Commercial services were demonstrated using a Web services-based off-board navigation application. Routes of various lengths were requested as the vehicle was passing through the RSE zone. Shorter routes (with fewer than 10 manoeuvres) were served during the initial RSE encounter. Longer routes were interrupted as the vehicle left the RSE zone and were then seamlessly resumed at the next RSE, allowing the vehicle to move from RSE to RSE while continuing long transactions when communications were available. Not only was this very effective, it means that the intermittent connectivity offered by DSRC does not appear to be a barrier to performing long transactions using conventional service architectures.

V2V and V2I communications were tested to determine their effectiveness. Generally, V2V communication was 99 per cent reliable up to about 50m, which represents 10 car lengths.

In conclusion, the POC programme results indicate that DSRC can be a viable communications technology for safety and mobility applications. The local nature of DSRC is particularly effective at efficiently delivering messages based on location. So, rather than sending messages to a particular network address, the POC system effectively allows a user to send a message to vehicles in a particular geographic area.

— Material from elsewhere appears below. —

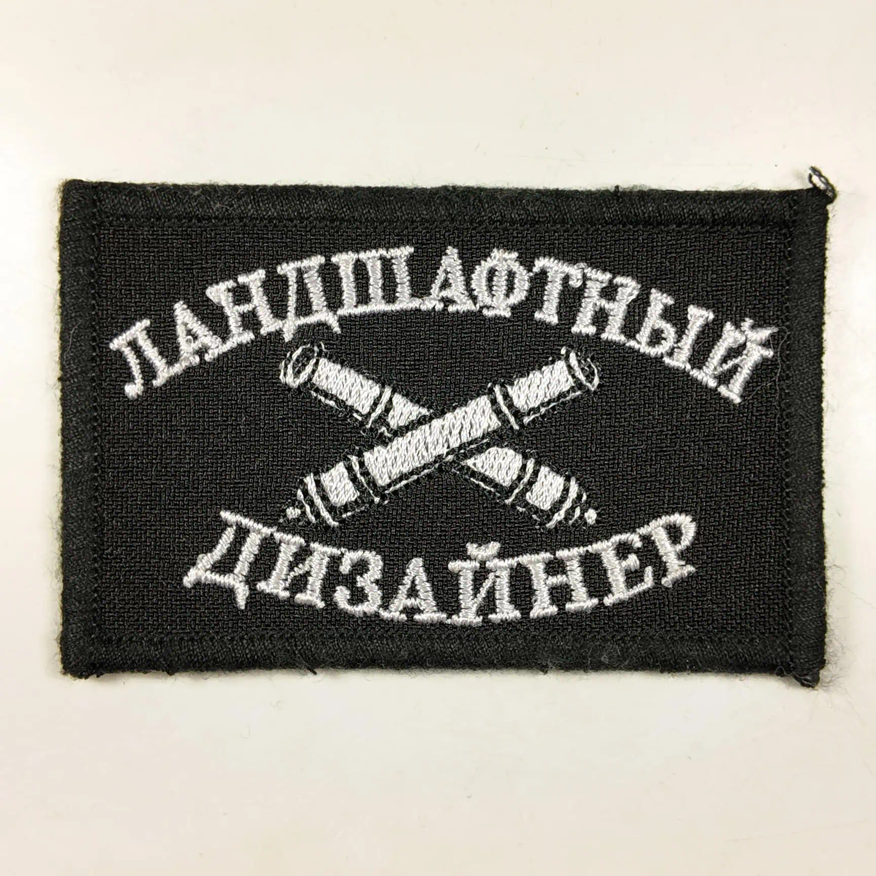 This patch stands out with its witty inscription “Ландшафтный Дизайнер,” accompanied by a design of crossed artillery shells, symbolizing artillery and explosive impact. Made on a black background with white embroidery, it appeals to military humor and camaraderie, often associated with artillery units and enthusiasts.

This is an important differentiation over conventional communications systems that support one-to-one and wide area broadcast messaging but which could not scale to a nationwide system supporting hundreds of millions of car and millions of geographically unique messages.

The POC also demonstrated the viability of architectural concepts underlying the VII system, namely that it is feasible to deliver advisory messages to vehicles in particular locations, that it is possible to collect data from vehicles in identified locations and that this data can be dispersed to subscribers in near real time. This has important implications for dynamic traffic management, road planning and weather and emergency response applications.

Key areas deserving further technical exploration are: development of positioning solutions that address the shortcomings of current GPS-based positioning technologies, such as the inability to receive GPS signals in all situations; development of technical and societal countermeasures to assure the integrity of vehicle safety applications; further refinement of 5.9GHz DSRC communication technology so that it will better support vehicle safety applications; and rolling out the system so that the safety and mobility benefits are sufficient and implemented in a manner that is socially and economically viable.

The US DOT is committed to realising cooperative safety applications using 5.9GHz by fostering research and testing in an open and collaborative partnership with industry, and through this approach to further identify and validate high-value applications, resolve technical issues and identify viable deployment strategies

Editor's note: Although the term 'VII' is now defunct, the results of this work will feed into the IntelliDrive initiative going forward.